Archiv für den Monat: November 2014

Anti Milch-Kampangnen verunsichern Verbraucher

 18. November 2014

Anti-Milch-Kampagnen verunsichern Verbraucher

Milch & Gesundheit

Seit einiger Zeit häufen sich die Meldungen zu gesundheitlichen Risiken von Milch und Milchprodukten. Im Hinblick auf das allgemeine Tierwohl und den Verzicht auf tierische Produkte machen Veganer und Tierschutzorganisationen verstärkt darauf aufmerksam, dass Milch Übergewicht, Diabetes und Konzentrationsprobleme verursache sowie das Herzinfarkt- und Krebsrisiko fördere.

Das diese “Kampage” bei den Verbrauchern offenbar nicht ohne Wirkung bleibt, zeigt sich u.a. in den vermehrt auftretenden Hinweisen “laksose-frei” auf Lebensmitteletiketten und Speisekarten. Immer häufiger wird in Cafés nach veganen Kaffeegetränken gefragt oder im Restaurant auf Sahne in Soßen und Desserts verzichtet.

Wissenschaftliche Studien sprechen allerdings eine andere Sprache: Der regelmäßige Milchkonsum wirkt sich nicht aufs Gewicht aus, sondern schützt sogar in einem geringen Maß vor Übergewicht. Dasselbe gilt für Herz-Kreislauf-Erkrankungen und Diabetes.

Übergewicht, Diabetes und Herzkreislauferkrankungen

Wer über den Milchkonsum mehr Kalorien aufnimmt, als er oder sie an Energie verbraucht, speichert diese als Fett. Logisch, gilt allerdings für jedes Lebensmittel.

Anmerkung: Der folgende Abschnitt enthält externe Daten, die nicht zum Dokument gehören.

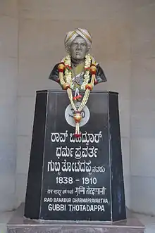 Rao Bahadur "Dharmapravartha" Gubbi Thotadappa (Kannada: ರಾವ್ ಬಹದ್ದೂರ್ ಧರ್ಮಪ್ರವರ್ತ ಗುಬ್ಬಿ ತೋಟದಪ್ಪ), (1838-1910 Gubbi), was an Indian businessman and philanthropist.[1] He founded a free lodging place for tourists from across the nation called "Thotadappa Chathra".[1] He was honoured with the title "Dharmapravartha" by the Maharaja of Mysore, Krishnaraja Wodeyar IV and "Rao Bahadur" by the British government.[1]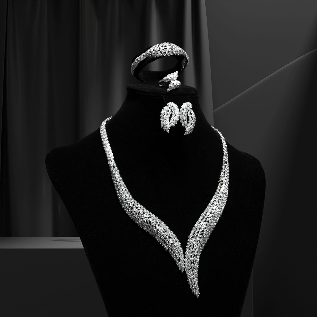 الجمال الخارج عن المألوف! . تنتظرك هذه المجموعة الأنثوية المتوهجة لمرافقتك في ذكرياتك التي لا تُنسى. سلسلة سماوية من الحجارة المتلألئة تزين رقبتك، وتضفي جمالاً سحرياً للقطع الأخرى. يتدلى عصفورا الحب برشاقة من أذنيك، يرمزان إليك وإلى رفيق روحك وأنتما تهمسان بالوعود الجميلة لبعضكما البعض..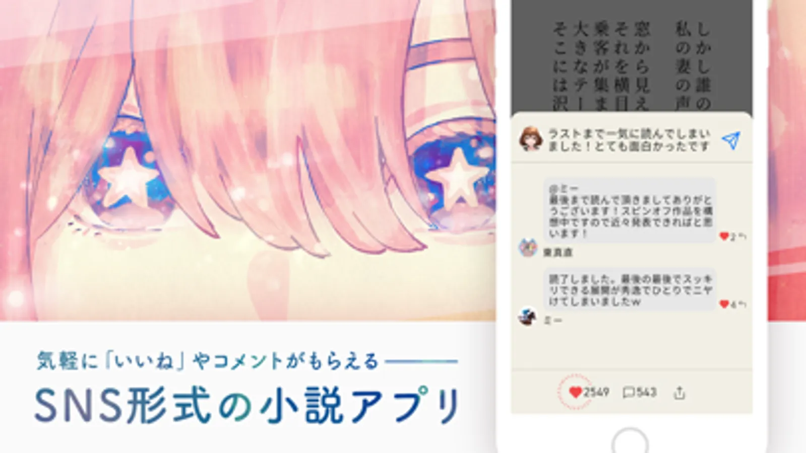 * ページをめくって読み進められるため、まるで実際の本を読んでいるかのように小説を楽しめます。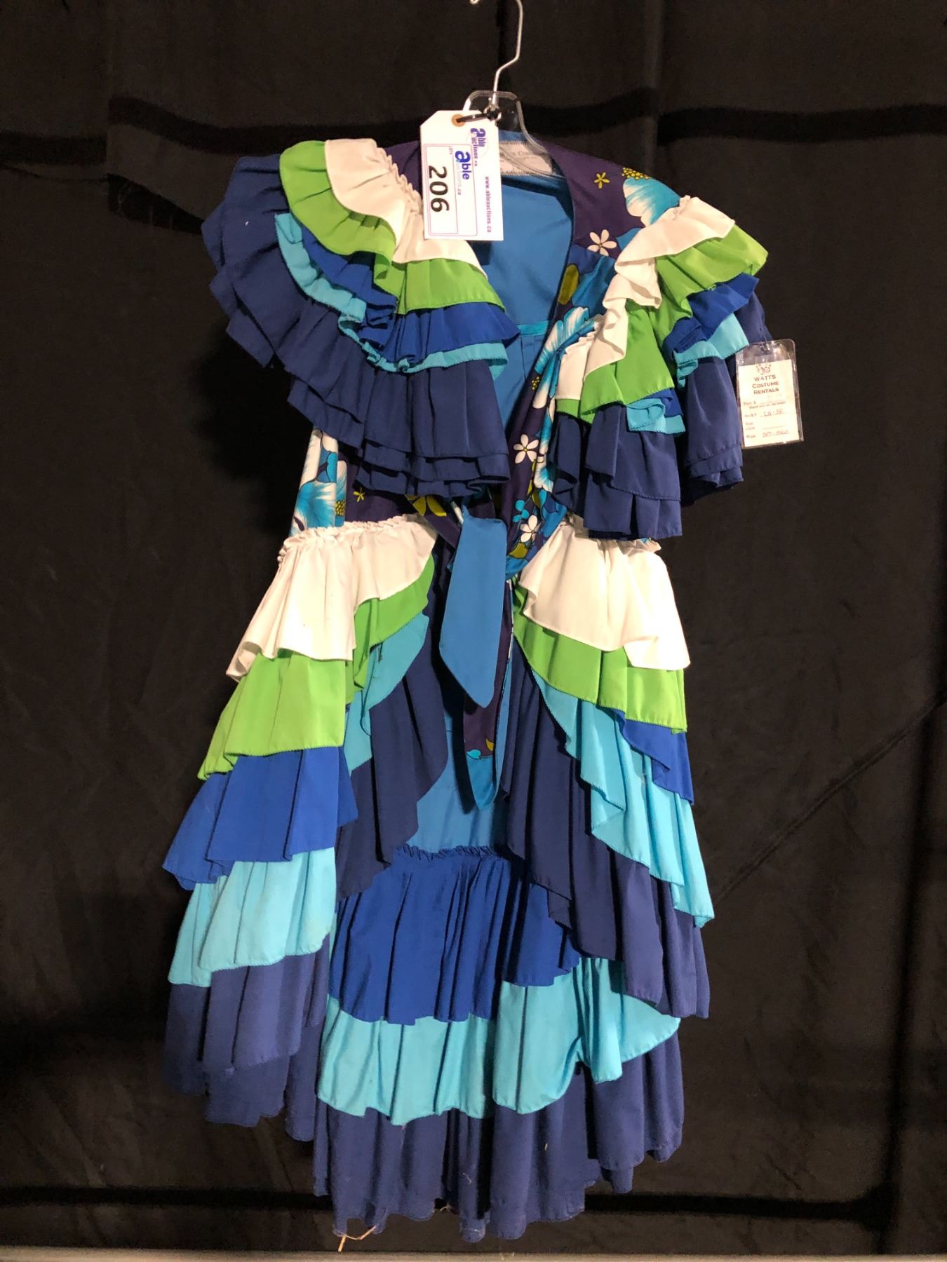 MULTI-COLOURED SPANISH STYLE DRESS, DAILY RENTAL $100.00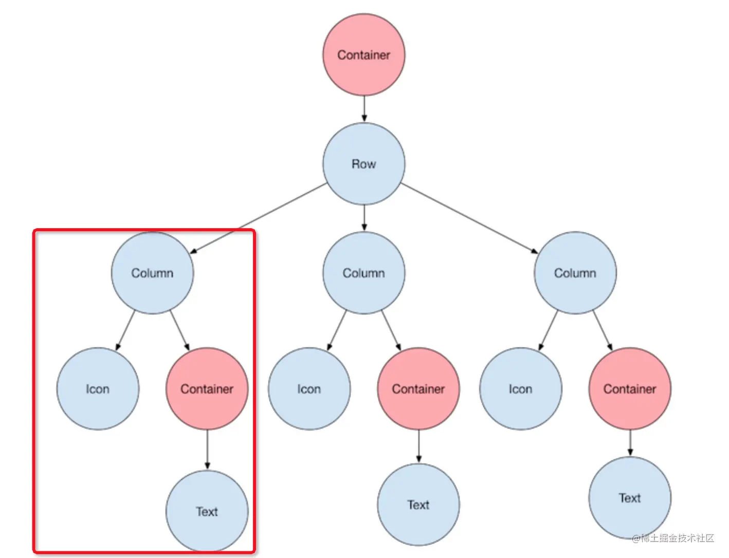 - 影响性能:我们在 State 上调用 setState()时,所有build()中的 Widget 都将被重建;因此build()中返回的Widget树越大那么需要重新建的Widget越多,对性能越不利;见下图:

Milch liefert für den Menschen leicht verdauliche Fette, dazu alle essentiellen Aminosäuren sowie Vitamin D, A, K, B12 und Folsäure. Je nach Fütterung der Tiere steigt der Anteil wichtiger Fettsäuren, wie Ölsäure, konjugierte Linolsäure (CLA) und Omega-3-Fettsäuren.

Wissenschaftler des Instituts für Ernährungswissenschaften der Universität Jena haben festgestellt, daß Milch von Kühen, die im Sommer ausschließlich auf der Weide (ökologisch) gehalten werden, dreimal mehr CLA enthält als von stallgehaltenen Kühen. Schaf- und Ziegenmilch enthält sogar noch mehr CLA als Kuhmilch. Konjugierte Linolsäure wirkt den Entstehungsmechanismen von Arteriosklerose entgegen und hat krebshemmende Eigenschaften. Milch ist unsere Hauptquelle für CLAs.

Gerade bei den Vitaminen D, B12 und Folsäure tritt in der Bevölkerung häufig eine Unterversorgung auf. Milch enthält spezielle Eiweiße (insbesondere unter den Molkenproteinen), die diese Vitamine an sich binden und deren Aufnahme in das Blut fördern. Eine ausreichende Versorgung mit Vitamin B12 und Folsäure verhindert die Anreicherung von Homocystein im Blut, welches Ablagerungen in den Blutgefäßen und damit Durchblutungsstörungen bis hin zu Herzinfarkt und Schlaganfällen begünstigt.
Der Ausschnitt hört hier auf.